An exclusive first look of "Toxic Beauty," Krauss's essay from Riposte #7 can be found below. Interviews from the likes of Sophia Amoruso, Paloma Elsesser, Betty Reid Soskin, and the cover story featuring Kelsey Lu can are all in Riposte #7, available here.

Adrian Samson

Toxic Beauty by Alexis Krauss

This question changed my life:

"Can you name one ingredient in any of the cosmetics you use every day?"

I stopped. My mind went blank. Could I really not name a single ingredient? I started tallying up all the products I used on a daily basis, from my shampoo to my foundation. What was in my mascara? I had no clue. This couldn't be good. After all, I knew exactly what was in the food I ate. For years I had made a concerted effort to eat whole, healthy, dominantly plant-based foods, and I had no idea what I was putting on my skin everyday? I was a complete hypocrite. I had to get educated.

I started researching personal care product formulations and was shocked by what I learned. There were polluting petroleum-based microplastics in my face wash, hormone disrupting preservatives in my body lotion, heavy metals in my deodorant, sulfates in my shampoo. My fragrance was a proprietary blend of harsh synthetic chemicals protected by an outdated Food and Drug Administration (FDA) labeling loophole. It was insane!

I realized that if I knew so little about the toxins lurking behind my beauty routine, chances were that most women were also being duped by slick, cosmetic marketing masterminds. The multi-billion dollar conventional beauty industry spends a lot of time convincing you how well their products work, how young they'll make you look, how glamorous your life will be wearing them — but they rarely disclose information about the formulations behind their products. In the United States the FDA does little to regulate cosmetics. Only 11 chemicals have been banned from use in US cosmetics, over 1,000 have been banned in Europe. Chemicals including parabens and phthalates have been linked to cancer, hormone disorders, and fertility issues. The toxins have been found to accumulate in our bloodstream and body tissue, resulting in a worrying burden for women who use multiple skincare and beauty products each day.

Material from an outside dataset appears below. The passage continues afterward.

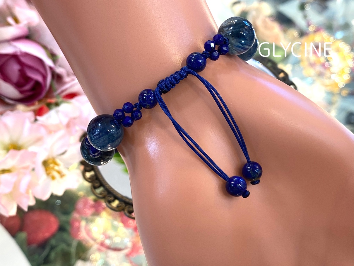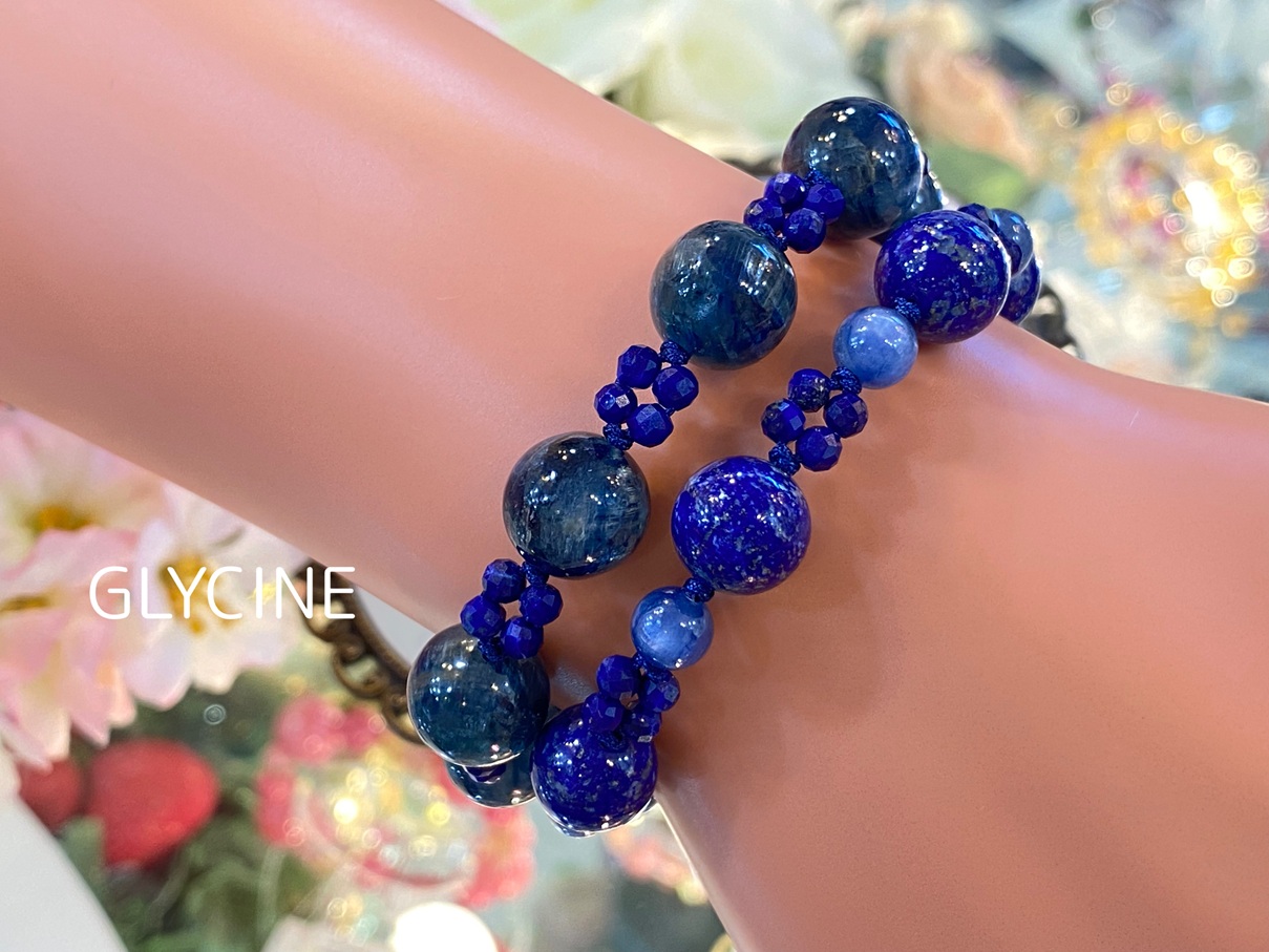 ラピスラズリとカイヤナイトの2種類の天然石でデザインした新作のパワーストーンブレスレット2本。

Determined to educate consumers and makeover the beauty industry, I launched Beauty Lies Truth with my partner in clean beauty activism, Jessica Assaf. Clean beauty is about much more than just looking good. It's about understanding that our actions as consumers have consequences that impact our health and the health of our planet. Clean beauty is also a movement to empower women. Whether it's the women shea butter producers in Ghana working hard to produce one of the world's best natural moisturizers, or the innovative entrepreneurs discovering alternative cosmetic formulations in their kitchens — clean beauty is an industry run largely by women. These women are changing the way consumers think about beauty and exercising a tremendous influence on mainstream beauty corporations. They are also fighting for potentially transformational cosmetic safety legislation.

Over the years, followers of the blog have asked me about the best ways to clean up their beauty routine. There are many effective approaches, but I suggest starting one ingredient at a time. Thanks to organizations like the Environmental Working Group, brilliant companies like Beautycounter, and blogs like Well + Good, there is a wealth of information out there about which ingredients you should eliminate from your daily routine. Making the switch to a cleaner routine can feel overwhelming at first, but it needn't be. Taking back control of your body can be a powerful act for positive change.